*Data in this exercise*.
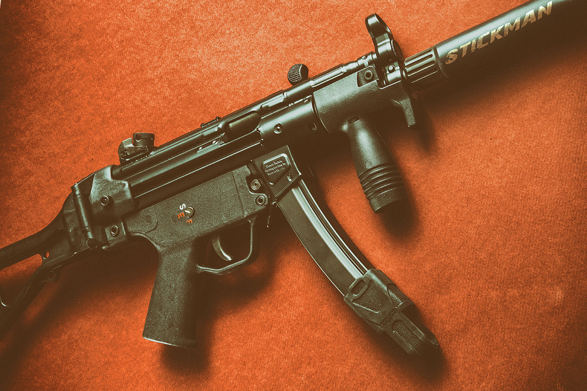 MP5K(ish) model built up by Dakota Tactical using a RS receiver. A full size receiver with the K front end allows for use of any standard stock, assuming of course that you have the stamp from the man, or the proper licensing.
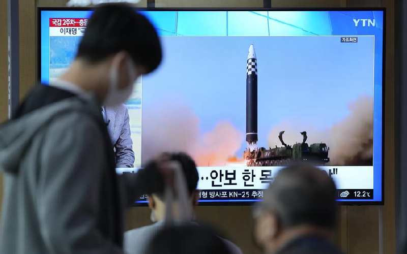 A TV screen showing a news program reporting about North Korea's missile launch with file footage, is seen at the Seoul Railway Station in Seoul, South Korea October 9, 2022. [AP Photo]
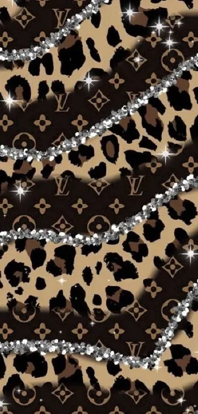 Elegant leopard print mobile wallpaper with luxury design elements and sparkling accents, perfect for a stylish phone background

* * *

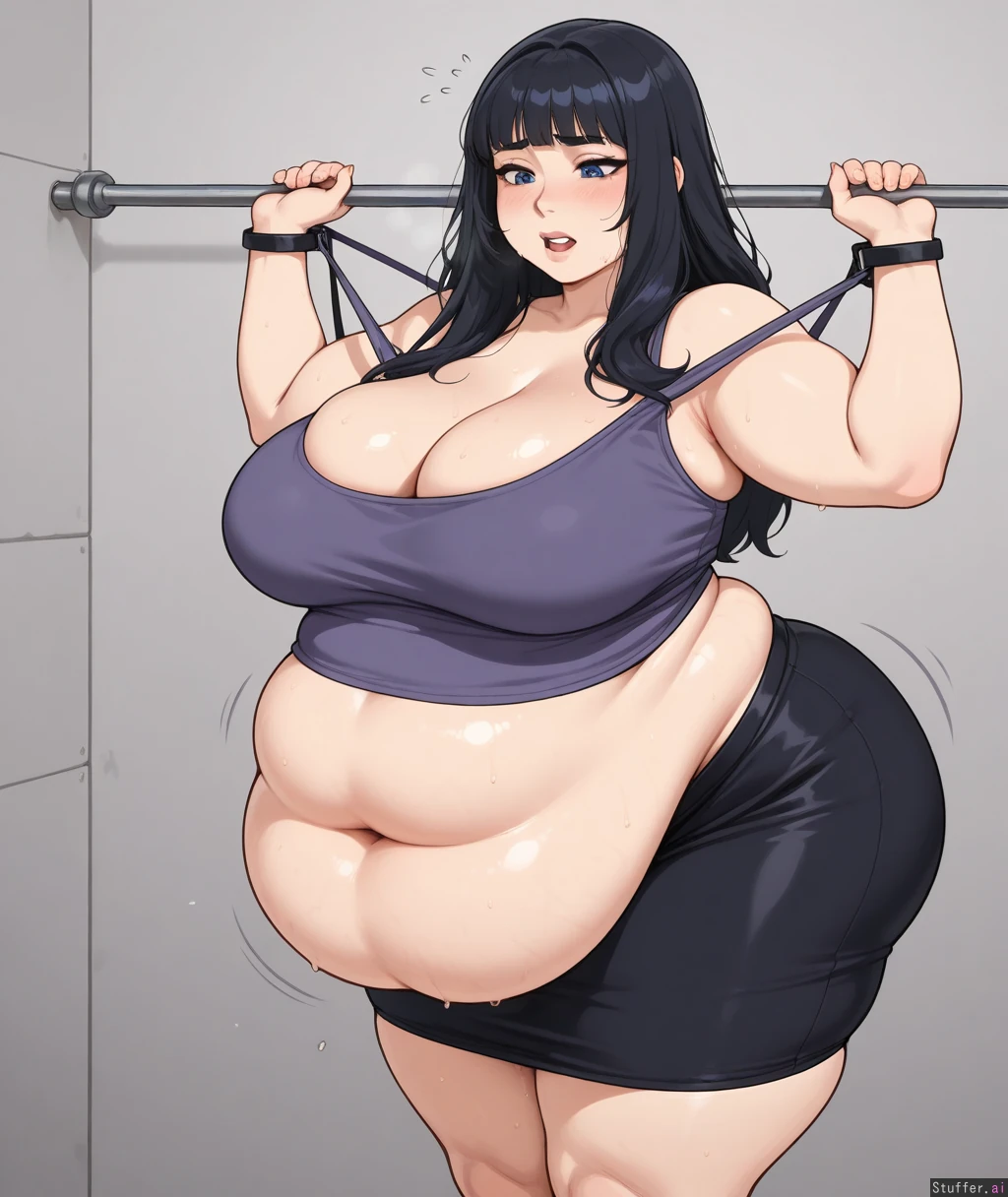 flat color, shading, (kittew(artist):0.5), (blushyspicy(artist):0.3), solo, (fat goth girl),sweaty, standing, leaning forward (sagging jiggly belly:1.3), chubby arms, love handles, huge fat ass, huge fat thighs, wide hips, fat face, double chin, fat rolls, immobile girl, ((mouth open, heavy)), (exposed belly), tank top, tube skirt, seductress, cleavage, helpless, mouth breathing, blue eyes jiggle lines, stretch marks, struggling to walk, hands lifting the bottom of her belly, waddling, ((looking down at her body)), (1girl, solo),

---

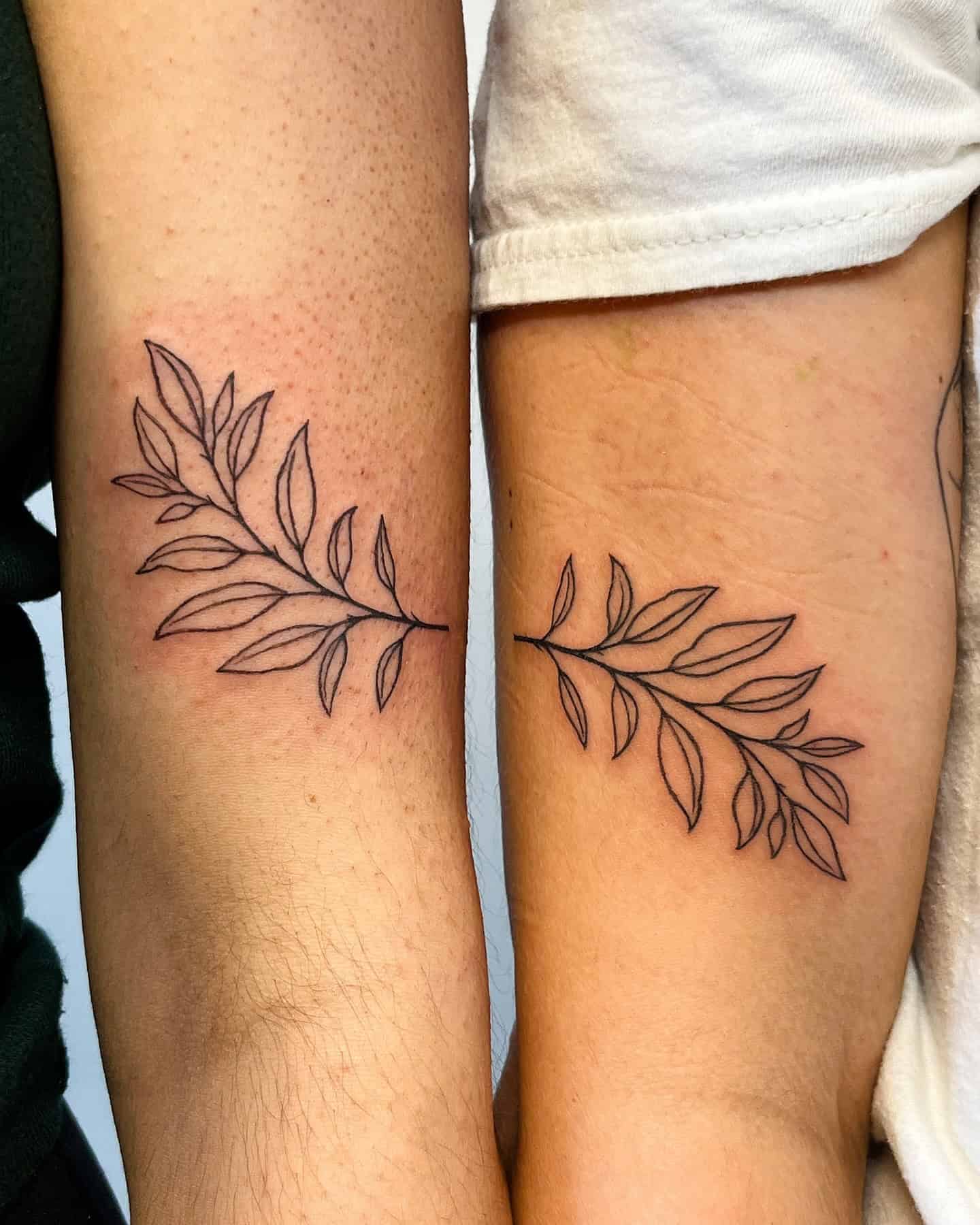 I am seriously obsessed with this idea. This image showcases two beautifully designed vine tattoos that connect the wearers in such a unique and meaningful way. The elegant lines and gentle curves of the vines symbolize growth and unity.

*Exercise description*.
Leave out the images and write out the lines above exactly, from the one with "MP5K(ish) model built" up to and including the one with "Elegant leopard print".

*Output below*.
 MP5K(ish) model built up by Dakota Tactical using a RS receiver. A full size receiver with the K front end allows for use of any standard stock, assuming of course that you have the stamp from the man, or the proper licensing.
 A TV screen showing a news program reporting about North Korea's missile launch with file footage, is seen at the Seoul Railway Station in Seoul, South Korea October 9, 2022. [AP Photo]
 Elegant leopard print mobile wallpaper with luxury design elements and sparkling accents, perfect for a stylish phone background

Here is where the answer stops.